Task details :: Please repeat exactly the lines from the one containing "集落道の一部を覆っていた樹木を伐採" to the end of the entries below, both included, and omit all pictures.

*** Opening Data provided ***

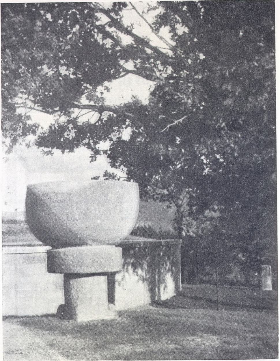
Pila románica de Apózaga.
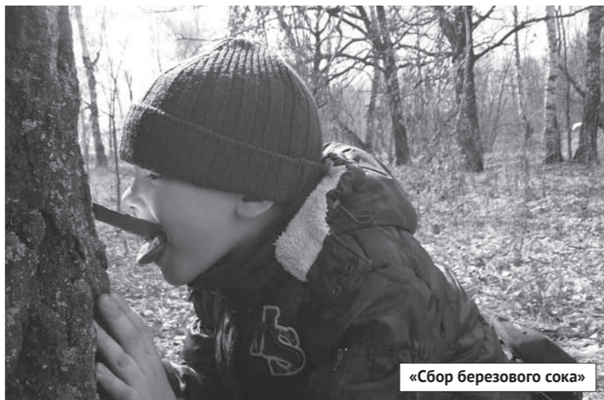
«Сбор березового сока»
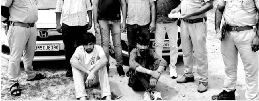
रामनगरिया पुलिस ने फिरौती के लिए 3 युवकों का अपहरण करने वाले दो बदमाशों को गिरफ्तार किया।
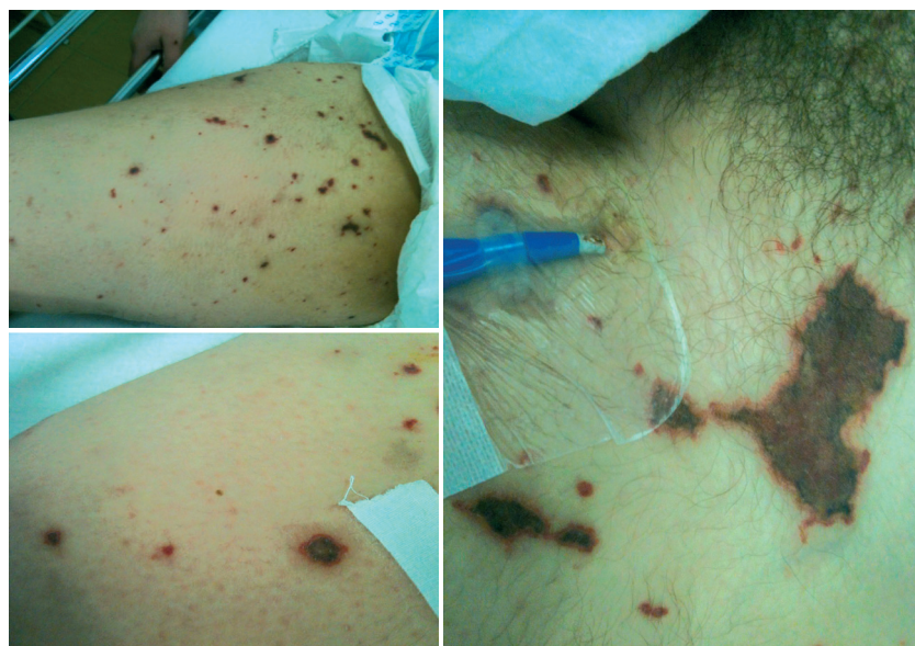
Рис. 1-3. Геморрагически-некротические высыпания на коже больного X, 16 лет

При ультразвуковом исследовании органы брюшной полости — без явных патологических изменений. Почки — паренхима без выраженных изменений, размеры не увеличены, кровоток не оценен из-за технических сложностей. Эхо-кардиография: полости сердца не расширены, фракция выброса 60%, недостаточность митрального и трикуспидального клапанов.
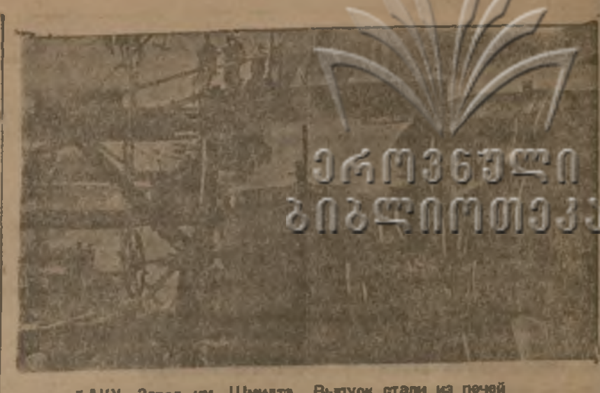
Бану, завод им. Шамхата. Выпуск стали из печи
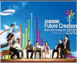
T.14 Những sự kiện SAVINA nổi bật năm 2010
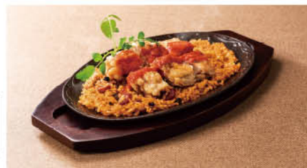
チキンジャンバラヤ
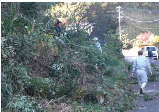
集落道の一部を覆っていた樹木を伐採
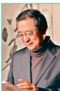
鄭培凱教授 香港城市大學中國文化中心主任

「商務」是香港人的精神家園。少時，在港島聖約瑟書院唸書，下課後最愛到大道中的「商務」打書釘。「商務」為我的成長提供了極為豐厚、不可或缺的精神養分。九十年代初回港工作後，我和「商務」在銅鑼灣再續前緣。為了去「商務」看書，經常找藉口去銅鑼灣。「商務」永遠是香港人的精神家園。
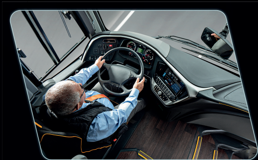
Remodelamento do posto do motorista, proporcionando maior visibilidade ao condutor.
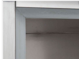
Freno termal anticondensación en el marco de la puerta

*** Closing Data provided ***

Written response ::
集落道の一部を覆っていた樹木を伐採
鄭培凱教授 香港城市大學中國文化中心主任

「商務」是香港人的精神家園。少時，在港島聖約瑟書院唸書，下課後最愛到大道中的「商務」打書釘。「商務」為我的成長提供了極為豐厚、不可或缺的精神養分。九十年代初回港工作後，我和「商務」在銅鑼灣再續前緣。為了去「商務」看書，經常找藉口去銅鑼灣。「商務」永遠是香港人的精神家園。
Remodelamento do posto do motorista, proporcionando maior visibilidade ao condutor.
Freno termal anticondensación en el marco de la puerta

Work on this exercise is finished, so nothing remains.